The Hat Parade at COA

The Hat Parade at COA

Back View of Hat with Shells

I have been in San Diego for three days, and have been busy being a tourist. I arrived on Saturday so I could attend the San Diego Shell Club annual show which has exhibits designed by collectors and vendors selling shells. This was planned to coordinate with the national convention so that attendees can enjoy both events.

As a rule, I don’t purchase shells but I enjoy looking at them, and I’m also interested in books about shells to add to my library. To truly take in the exhibits one must take time to read the labels and understand what the exhibitor is explaining in his display.

Most Conchologists of America (COA) conventions arrange field trips the two days before the meetings begin, so visitors from around the country can see some of the city. Monday morning I will be on the convention field trip touring the San Diego Zoo. Tuesday, the trip I have chosen visits the Scripps Aquarium and downtown La Jolla.

Today, Wednesday, is the actual start of the convention, which consists of a series of presentations by collectors and scientists, who talk about a particular family of shells they have studied, other aspects of collecting, or research being done.

In between sessions there is a silent auction of shells from donated collections or shell related items. We walk around tables of shells on display and bid on those we would like to add to our collection. These timed auctions benefit COA, the shells have data on when and where collected, and most of the items go for a reasonable amount. I can add shells to my collection from places I will never be able to visit.

Front View of Hat on my head, red band holds my ponytail.

This evening is the Welcome Party where this year there will be a Fancy Hat Parade. Registrants are being encouraged to wear a decorated hat. As I thought about what to do for this challenge, I decided I’d construct head gear with beach combing finds that didn’t make it into my collection.

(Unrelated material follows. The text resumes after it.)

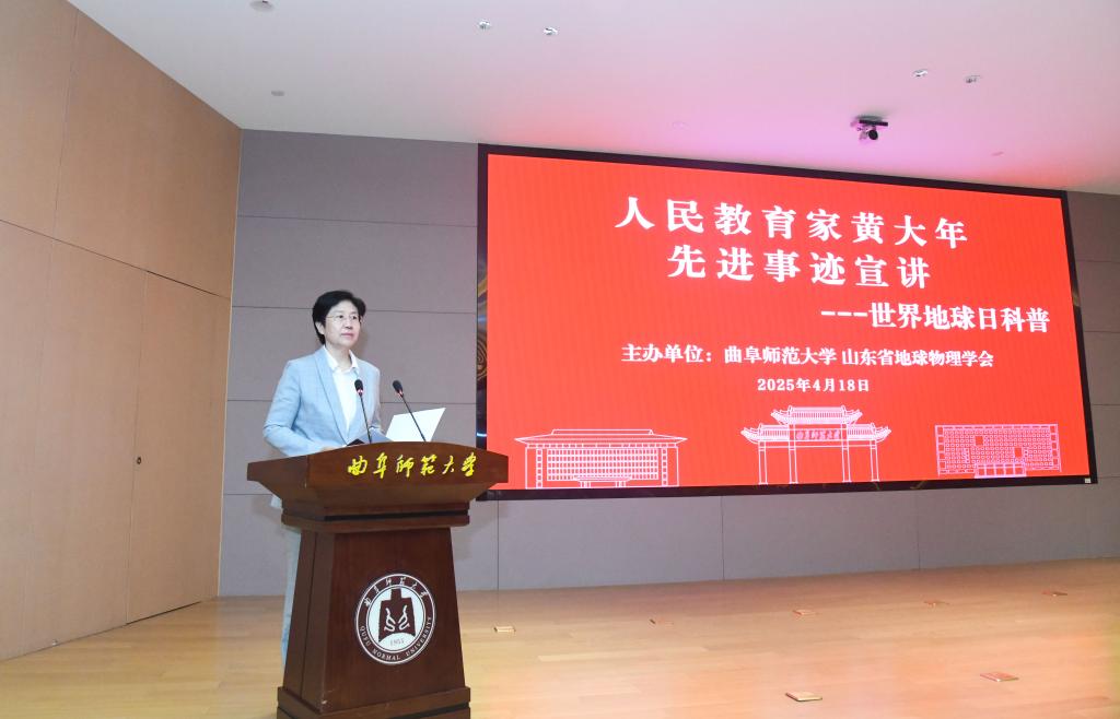 党委宣传部讯 4月18日,曲阜师大举行弘扬践行教育家精神报告会第一讲,与山东省地球物理学会联合组织开展“人民教育家”黄大年先进事迹宣讲活动。中国科学院院士、地球物理学家滕吉文,中国地球物理学会副秘书长、高级工程师胡敏,教育部教育家精神宣讲团成员、吉林大学地球探测科学与技术学院教授于平,曲阜师大党委副书记、校长张洪海,党委副书记李志红等出席活动。

I selected miscellaneous yarns in blues and greens to represent water and seaweed, and started to crochet, adding on shells as I went. All of the shells I used were broken when I found them so I could easily attach them with one stitch.

The biggest issue I had to resolve was how to keep it on my head.

I started by making an open circle that I can pull my ponytail through and hold it with a stick to

My ponytail coming up through opening to secure hat

secure this display.

The grey, tan, or pink stuff floating above the colored yarn is a very sheer ribbon to simulate moving water.

It is hard to evaluate how it will look by trying it on and using a hand mirror to see all sides. But, I feel confident there won’t be another hat like it


Back of Hat from side


There are 18 shells on the hat, but they are hard to see in the photos.